Updated on July 13, 2014
Lisa HW profile image

"Lisa" , a "social sciences enthusiast" and Mom of three grown kids, writes from personal experience/exposure and/or past research

Patience and Understanding Required

What parents often don't realize about children who are fearful of the water is that some very bright children often have more fear. That's because they are mature enough to know there is danger. Other children may simply not be developmentally ready to learn to swim. Still others may have had a bad experience (or several) in water. When children have had the unpleasant experience of slipping under the water and ending up choking they learn that - if nothing else - water can be unpleasant. Keeping a child's fear of the water in the right perspective is the first. Parents need - first and foremost - to have understanding and patience. When parents don't show understanding and patience a child will not see parents as "being on the same page" . A child cannot trust the parent who has "his own agenda" (rather than a shared one with the child), so that does not help the situation.

While the world is full of people who began swimming before they were two years old, it is also full of people who took substantially longer to learn to swim, but who thoroughly enjoy the water once they do.

When two- or three-year olds are afraid of water deeper than a toddler's wading pool it may make sense to wait until they're older to try to teach them to swim.

The American Academy of Pediatrics' Injury Prevention Program notes that children are generally developmentally ready to learn to swim at around five years of age. The American Academy of Pediatrics recommends swimming lessons for children over age four. According to the AAP, children four and younger are not developmentally ready to learn proper swimming techniques.

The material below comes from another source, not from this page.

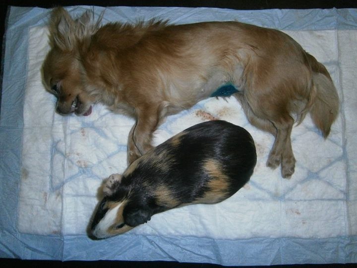 viz fotka mojí kamarádky jedné miniaturní čivavky po operaci ve srovnání s morčetem.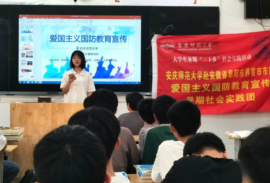 学校是开展全民国防教育的重要阵地。7月7日,调研实践团来到界首中学开展爱国主义教育和国防教育宣讲。宣讲当日恰逢“七七事变”85周年,队员带领中学生们重温85年前的悲痛硝烟,追悼英勇顽强的爱国忠烈,共同宣誓“勿忘国耻,警钟长鸣”,由此强调国防事业建设和国防教育对于国家发展和人民幸福的重要作用。通过对比叙利亚等国家与中国国防事业的发展,实践团成员呼吁青年学子主动掌握科学文化知识,打造过硬品格,不断增强国防观念,积极参与国防建设。

Children four and older are generally most comfortable in water that is shallow enough to allow them to stand up with sureness. A child's backyard pool (bigger than a preschooler's wading pool) can offer a child slightly deeper water in which to do some experimental moves. So can the shallow part of a lake. If the child can play in water that is hip-high graduating to waist-high water is not a very big step.

Giving your child plenty of opportunity to get comfortable in waist-high water, and to experiment with floating and dog paddling is a way to allow him to feel surer with the water, itself.

Chest-high water offers yet more possibilities for becoming sure in the water. Water this deep allows a child to try navigating under water if he wants. Practicing opening his eyes under water may be something he'd like to try. A swimming pool with water this deep offers walls from which a child can launch himself and possibly get himself to the other side of the pool using his arms. At this point, a child may be ready to try summersaults in the water.

What all this gradual introduction to water accomplishes is allowing the reluctant swimmer-to-be to gain confidence in the water and on his own terms. Essentially, he gets to know the water and his own abilities better. When a child is allowed to get to know the water on his own terms he is more likely to find being in that water fun. He is in control. He knows what he is confident enough to try and isn't being pressured to try something that makes him feel too nervous.

For the child who has no fear this gradual process may not be necessary; but for the child who is too unsure of the water, himself, or the person who is trying to teach him to swim, this process is one way to encourage him to enjoy the water and gain enough confidence to want to learn to swim.

This may be a longer process than many parents prefer, but the child who has gotten to know the water and his abilities better needs only to learn swimming techniques, and teaching swimming technques to a child who already knows the water (and likes it) is easier than teaching a child who sees the water as a strange, frightening, thing in which he may drown (or feel like he is drowning more than once).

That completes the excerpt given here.